■ **Task instructions**: The listing, minus its pictures, is to be given again exactly.

■ **Data segment**:
◇ ◇ ◇ ◇ ◇

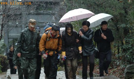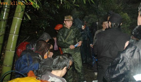 武警官兵护送迷路大学生出山。 相关专题: 复旦学生黄山遇险
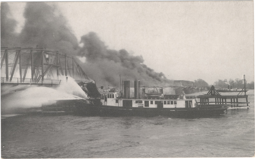 Favorite this☆ Belle Isle Bridge fire Description: View of firemen spraying jets of water from fireboat on Belle Isle Bridge fire. Smoke rises from truss bridge. Printed on back: "Belle Isle Bridge Fire, April 27, 1915. W.D. Benham Co., Detroit, Mich." Details Resource ID: bh000809 Subject: Fires--Michigan--Detroit Truss bridges--Fires and fire prevention--Michigan--Detroit Fireboats--Michigan--Detroit Belle Isle Park (Detroit, Mich.) Postcards Publisher: W.D. Benham Co. Date Issued: Unknown year Format: 1 postcard ; 3.5 x 5.5 in. Member of: Burton Historical Collection Filing Location: D/Bridges-Belle Isle Rights: Physical rights are retained by DPL. Copyright is retained in accordance with U.S. copyright laws.
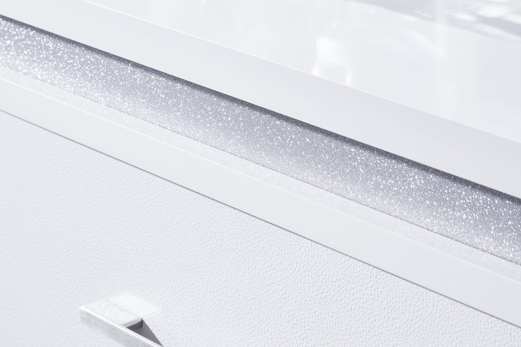 This chest of drawers is a showstopper, bringing a touch of modern glamour to your sanctuary. A sleek white finish and inset glitter accents create a sophisticated feel, while spacious drawers provide practical storage. It’s a simply stunning way to achieve the bedroom of your dreams.

◇ ◇ ◇ ◇ ◇

■ **Answer to the exercise**:
 武警官兵护送迷路大学生出山。 相关专题: 复旦学生黄山遇险
 Favorite this☆ Belle Isle Bridge fire Description: View of firemen spraying jets of water from fireboat on Belle Isle Bridge fire. Smoke rises from truss bridge. Printed on back: "Belle Isle Bridge Fire, April 27, 1915. W.D. Benham Co., Detroit, Mich." Details Resource ID: bh000809 Subject: Fires--Michigan--Detroit Truss bridges--Fires and fire prevention--Michigan--Detroit Fireboats--Michigan--Detroit Belle Isle Park (Detroit, Mich.) Postcards Publisher: W.D. Benham Co. Date Issued: Unknown year Format: 1 postcard ; 3.5 x 5.5 in. Member of: Burton Historical Collection Filing Location: D/Bridges-Belle Isle Rights: Physical rights are retained by DPL. Copyright is retained in accordance with U.S. copyright laws.
 This chest of drawers is a showstopper, bringing a touch of modern glamour to your sanctuary. A sleek white finish and inset glitter accents create a sophisticated feel, while spacious drawers provide practical storage. It’s a simply stunning way to achieve the bedroom of your dreams.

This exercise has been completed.